離婚の理由別、高額な慰謝料を請求できる9つのポイント

離婚の理由別、高額な慰謝料を請求できる9つのポイント

「こんな人と別れたい。。。」そう考えたら直にでも離婚届をお相手に叩きつけたいもの。でも、ちょっと待って!その前に、少し冷静に考えてみてほしいことがあります。

離婚すると、特に女性は生活、特に経済的な面で苦労しがち。そうならないためにも、慰謝料のことを少し考えてみませんか。実際に一人で生活していくとなると、家賃、光熱費、食費、衣類、通信費、娯楽費など、もろもろを合わせると、月に15万円程度はかかってきます。お子さんがいれば、さらに養育費も別途かかります。そして、すぐに働ければ良いですが、そうそううまい具合に働き口がすぐに見つかるとは限りません。

では、どうするか。そんな時に考えてほしいのが慰謝料です。今回は、これからあなたの生活を不安なく過ごすために、高額な慰謝料を請求するポイントをご紹介します。

 

離婚の理由別、
高額な慰謝料を請求できる9つのポイント

 


慰謝料を請求できる離婚理由

慰謝料とは、不法行為を行った者が被害者に対して支払うものです。離婚においては、一方に不法行為にあたるほどの重要な責任がある場合のみ、慰謝料を請求できます。なので、性格の不一致や、価値観の違いなどでの離婚は慰謝料の請求はできません。不貞行為(浮気・不倫)や、暴力などが慰謝料の請求ができる離婚原因です。

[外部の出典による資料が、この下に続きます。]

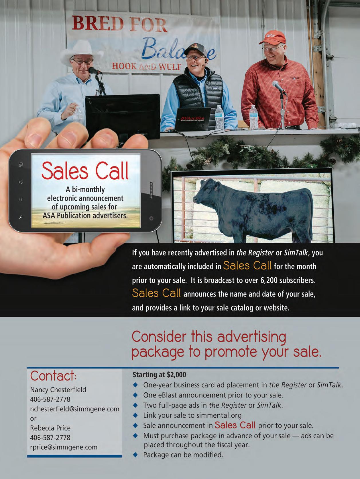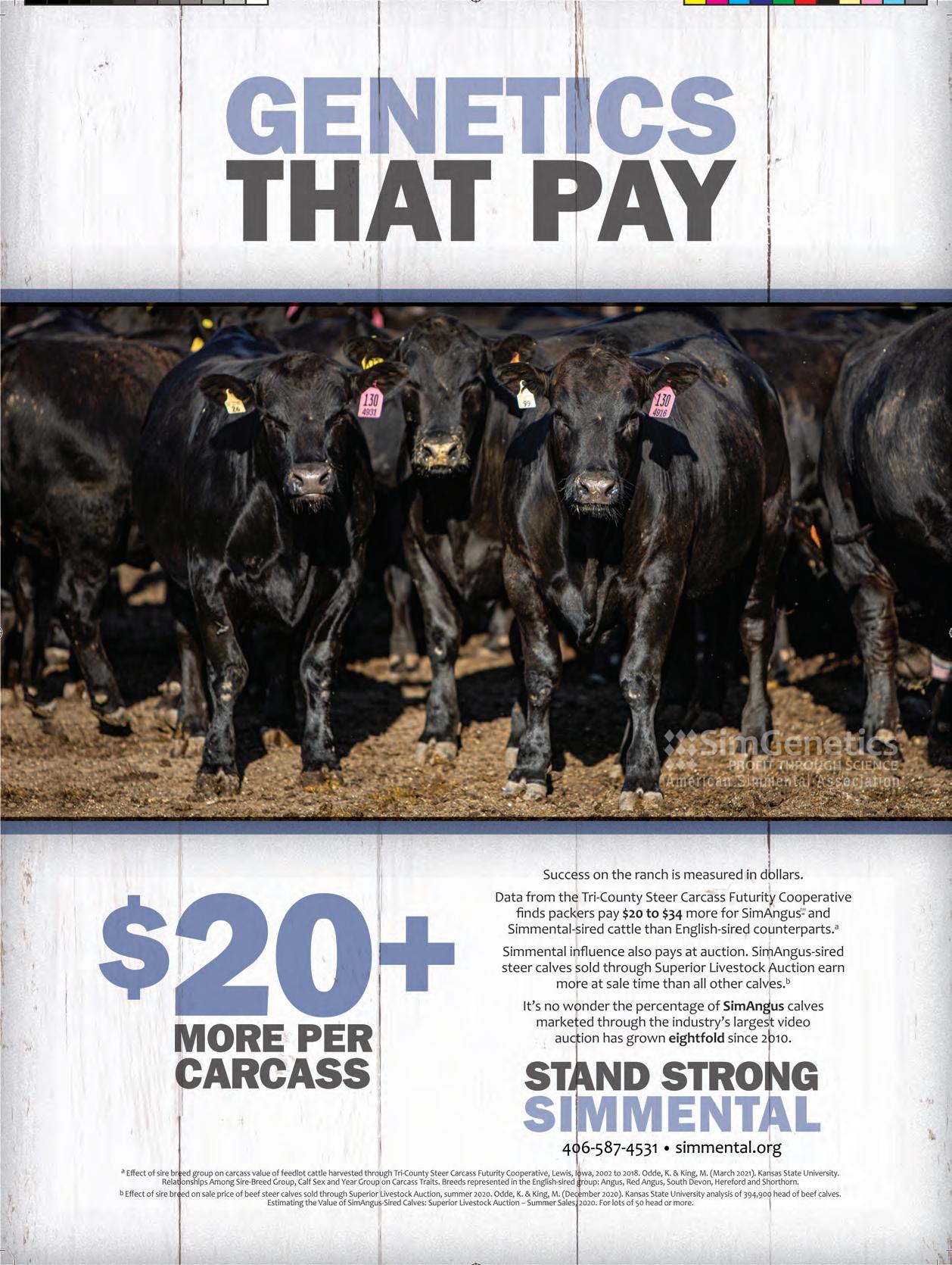 SimTalk is an 81/8 x 107/8-inch publication produced by the Register, the official publication of the American Simmental Association. Published four times annually, SimTalk is a glossy, full-color publication with a circulation that targets commercial users of SimGenetics. Advertising in SimTalk provides a unique opportunity to brand and trademark your program to thousands of potential customers. If you are serious about communicating with the commercial beef business, consider an advertising presence in every one of our four annual issues.

暴力に関しては、暴力に対しての慰謝料と離婚に追い込まれたことに対する慰謝料を請求できます。ですが、それ以外の離婚原因ではよほどの精神的苦痛を負った場合のみ請求できます。請求する際は、慰謝料、財産分与がそれぞれいくらか、という計算よりも合計でいくら、という形での話し合いをするほうが分かりやすいです。

 


離婚後に請求しない

離婚の前にしっかりと調べておかず、後になって請求するとどうなるのでしょう?実は、離婚後の請求には支払わずに済むケースがあるのです。慰謝料にはそもそも請求の時効があり、浮気では慰謝料請求の時効が3年となっております。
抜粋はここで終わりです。